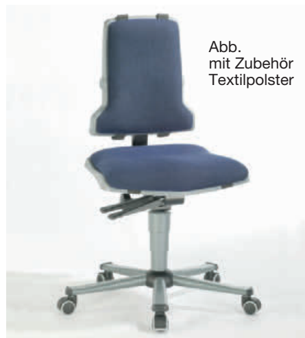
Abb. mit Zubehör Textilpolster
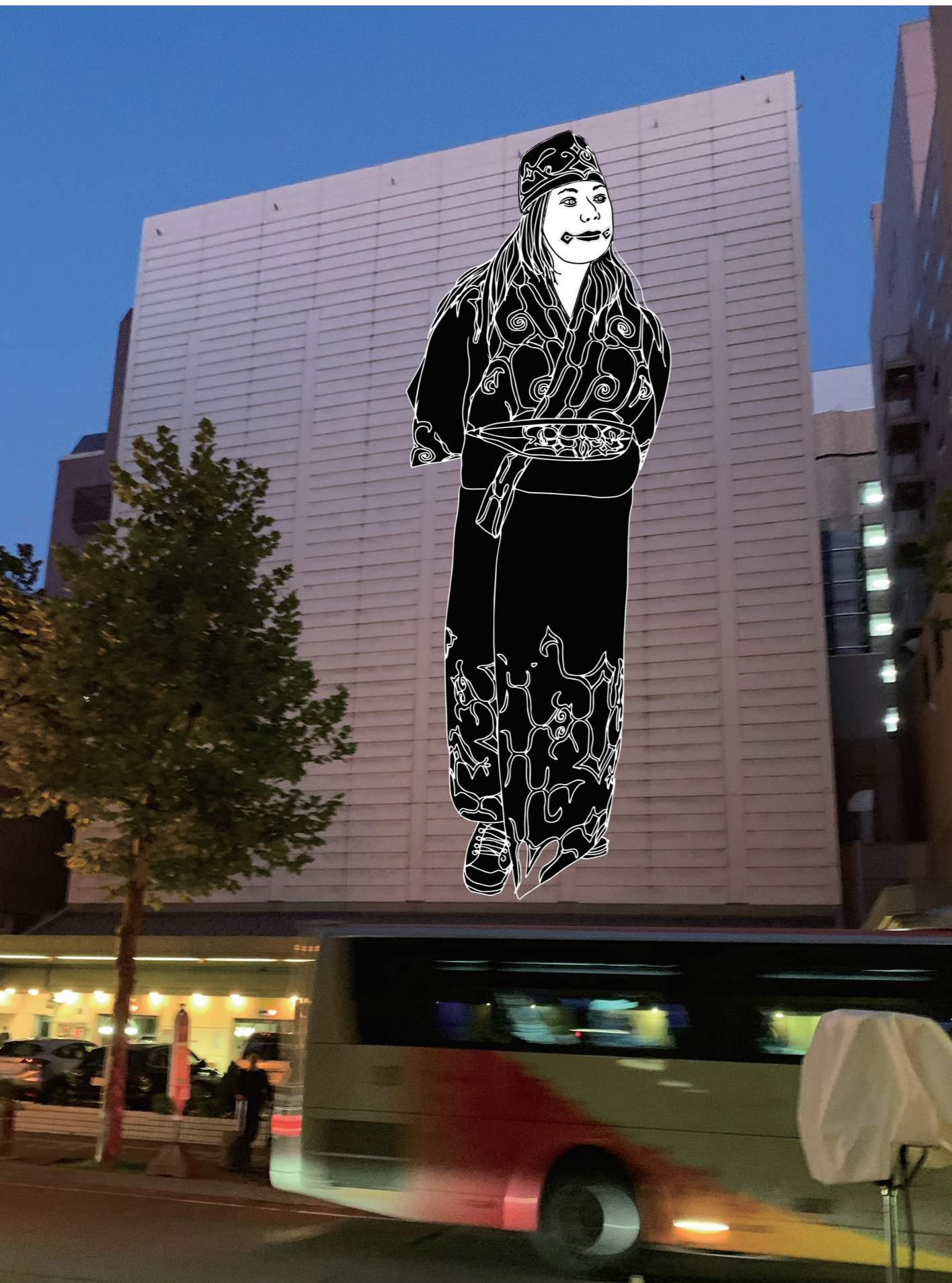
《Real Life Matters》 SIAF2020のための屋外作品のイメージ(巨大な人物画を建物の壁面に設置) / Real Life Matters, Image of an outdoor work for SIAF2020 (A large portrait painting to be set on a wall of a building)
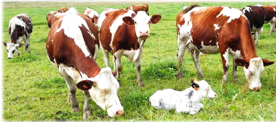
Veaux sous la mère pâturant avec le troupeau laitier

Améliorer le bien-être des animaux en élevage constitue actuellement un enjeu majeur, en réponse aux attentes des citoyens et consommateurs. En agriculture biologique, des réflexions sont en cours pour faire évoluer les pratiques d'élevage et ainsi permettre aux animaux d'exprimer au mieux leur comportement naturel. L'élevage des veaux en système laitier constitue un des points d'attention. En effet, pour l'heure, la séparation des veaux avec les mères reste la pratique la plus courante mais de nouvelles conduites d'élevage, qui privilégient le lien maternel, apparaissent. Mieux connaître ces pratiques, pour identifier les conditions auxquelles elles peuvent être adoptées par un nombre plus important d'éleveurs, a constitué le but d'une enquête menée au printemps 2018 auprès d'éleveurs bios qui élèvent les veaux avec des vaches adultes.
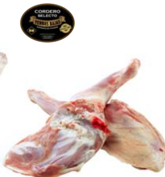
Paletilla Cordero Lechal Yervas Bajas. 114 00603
•••
For each line of the material that contains the word "avec", make a copy.

• WRITTEN ANSWER
Veaux sous la mère pâturant avec le troupeau laitier
Améliorer le bien-être des animaux en élevage constitue actuellement un enjeu majeur, en réponse aux attentes des citoyens et consommateurs. En agriculture biologique, des réflexions sont en cours pour faire évoluer les pratiques d'élevage et ainsi permettre aux animaux d'exprimer au mieux leur comportement naturel. L'élevage des veaux en système laitier constitue un des points d'attention. En effet, pour l'heure, la séparation des veaux avec les mères reste la pratique la plus courante mais de nouvelles conduites d'élevage, qui privilégient le lien maternel, apparaissent. Mieux connaître ces pratiques, pour identifier les conditions auxquelles elles peuvent être adoptées par un nombre plus important d'éleveurs, a constitué le but d'une enquête menée au printemps 2018 auprès d'éleveurs bios qui élèvent les veaux avec des vaches adultes.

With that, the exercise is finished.